We mourn when a classroom full of kindergartners have their bodies quite literally riddled with bullets and shake our heads when innocent teenagers meet a tragic doom in Chicago, but somehow we face an uphill climb when it comes to passing even the most basic of gun control legislation.

We employ zero tolerance policies in school systems across this nation, and in so doing, entangle the criminal justice system into school disciplinary functions. The result is the establishment of persistent and stubborn school-to-prison pipelines that routinely destroy futures before they've even had the opportunity to begin.
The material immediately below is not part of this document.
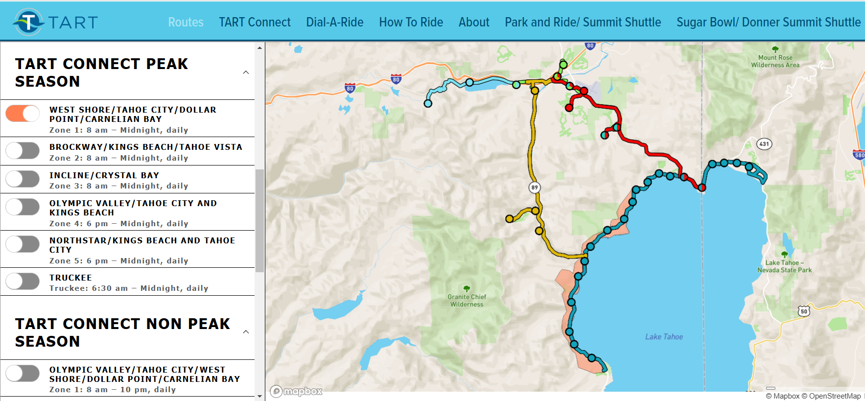 In 2020, Tahoe Truckee Area Transit (TART) requested additional features for their interactive map on their website. Due to staffing changes, the primary software developer for the interactive maps product was unavailable during the delivery window. I order to meet the agency’s timeline, I dug into the code of the interactive map product and generated easy-to-update code to display the agency’s dial-a-ride zones (of which there were many.) The code is still in use and visible on their map to this day.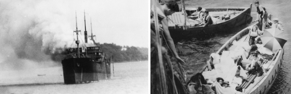 On 3 February 1942 Hobart and Tenedos sighted a lone merchant ship under attack from three enemy bombers. Howden ordered both ships to increase speed and close with all guns firing. The initial attack was beaten off but twenty minutes later more aircraft appeared renewing the attack with vigour. The burning merchant ship was identified as the Norah Moller, and many on board had become casualties.

These are not the actions of a society that loves its children. Nor are they the actions of a society that truly values its own future. Even a superficial understanding of the global economy would underscore the fact that we have not one iota of human capital we can afford to waste. The pathway to better lives and better outcomes for our children and for this nation is an increased focus on and investment in the needs of our kids. Not just because it is the right thing to do or even because it is what one does when one loves and values their young. Though all of that is true, we need to invest in our children because, in the long run, it is the best thing to do for America.

When the president advances ideas like universal Pre-K, the modernization of this nation's high schools, and pushes back on impending across the board cuts which hit our most vulnerable the hardest, in the political climate that we currently operate, it is easy to say we can't afford it.
But in the global marketplace that becomes increasingly competitive with each passing day, perhaps the better response is -- can we afford not to?